[Problem description] Leave the pictures out and write out exactly the lines from the top of the entries through the line containing "Bijela komoda u".

[Records excerpted from a collection]
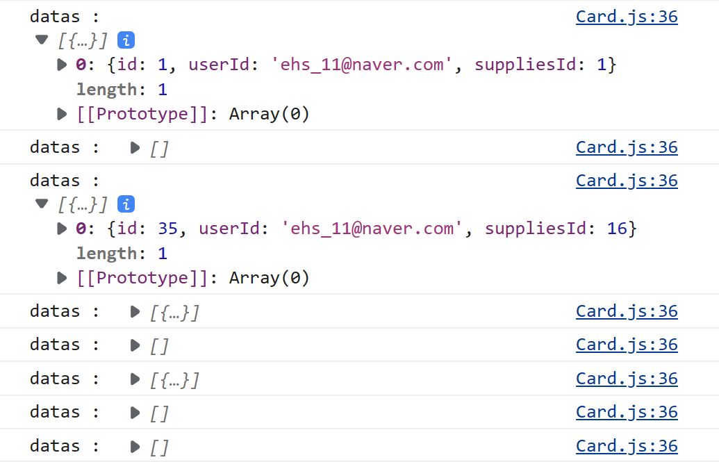 datas의 빈값들은 초기값대로 false / 값이 있는 얘들은 내가 좋아요한 찜 데이터 true
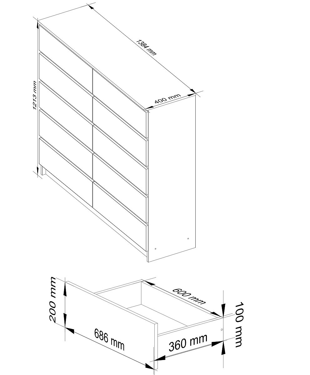 Bijela komoda u minimalističkom stilu, koja se odlično uklapa kako u moderne interijere, tako i u manje prostore koji trebaju osvjetljenje i optičko povećanje. Bit će praktičan prostor za pohranu - ima deset prostranih ladica, zahvaljujući kojima lako održavate red u stanu. Odlično se uklapa u dnevni boravak, radnu sobu ili uski hodnik.
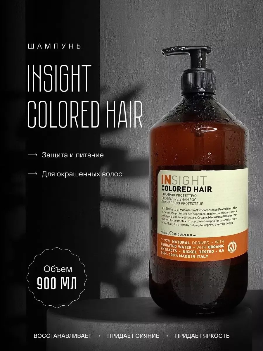 Профессиональный итальянский шампунь Insight Colored Hair создан для ухода за окрашеными волосами.
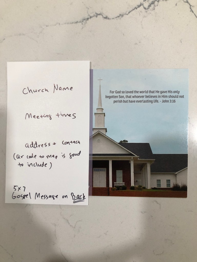 I also use the 5X7 gospel message to make Gospel postcards that advertise my Church. For those, I put a picture of the church on the front of the postcard, along with meeting times.
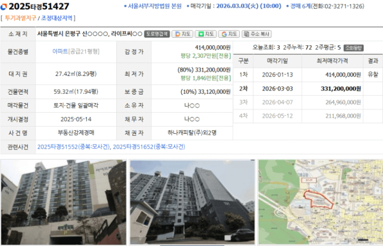 ✔ 감정가 / 최저가 (유찰 여부 포함): 414,000,000원 / 331,200,000원 (1회 유찰)
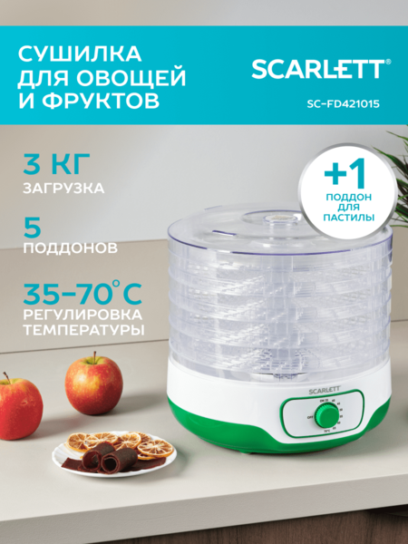 Необычная и многофункциональная сушилка SCARLETT SC-FD421015 – идеальный выбор для тех, кто заботится о здоровом питании и любит вкусные кулинарные эксперименты. Ее яркий оригинальный дизайн с корпусом бело-зелёного цвета позволит прибору вписаться в любой интерьер. Модель предназначена для сушки ягод, фруктов, зелени и овощей, приготовления фруктовой пастилы. Благодаря SC-FD421015 можно сохранить урожай и все его полезные свойства в домашних сухофруктах. При этом в SC-FD421015 можно приготовить сыровяленые блюда из рыбы, мяса и птицы. В сушилке SCARLETT SC-FD421015 - 5 вместительных прозрачных пластиковых поддона, а также поддон для пастилы из яблок и других фруктов.

[Completed task]
 datas의 빈값들은 초기값대로 false / 값이 있는 얘들은 내가 좋아요한 찜 데이터 true
 Bijela komoda u minimalističkom stilu, koja se odlično uklapa kako u moderne interijere, tako i u manje prostore koji trebaju osvjetljenje i optičko povećanje. Bit će praktičan prostor za pohranu - ima deset prostranih ladica, zahvaljujući kojima lako održavate red u stanu. Odlično se uklapa u dnevni boravak, radnu sobu ili uski hodnik.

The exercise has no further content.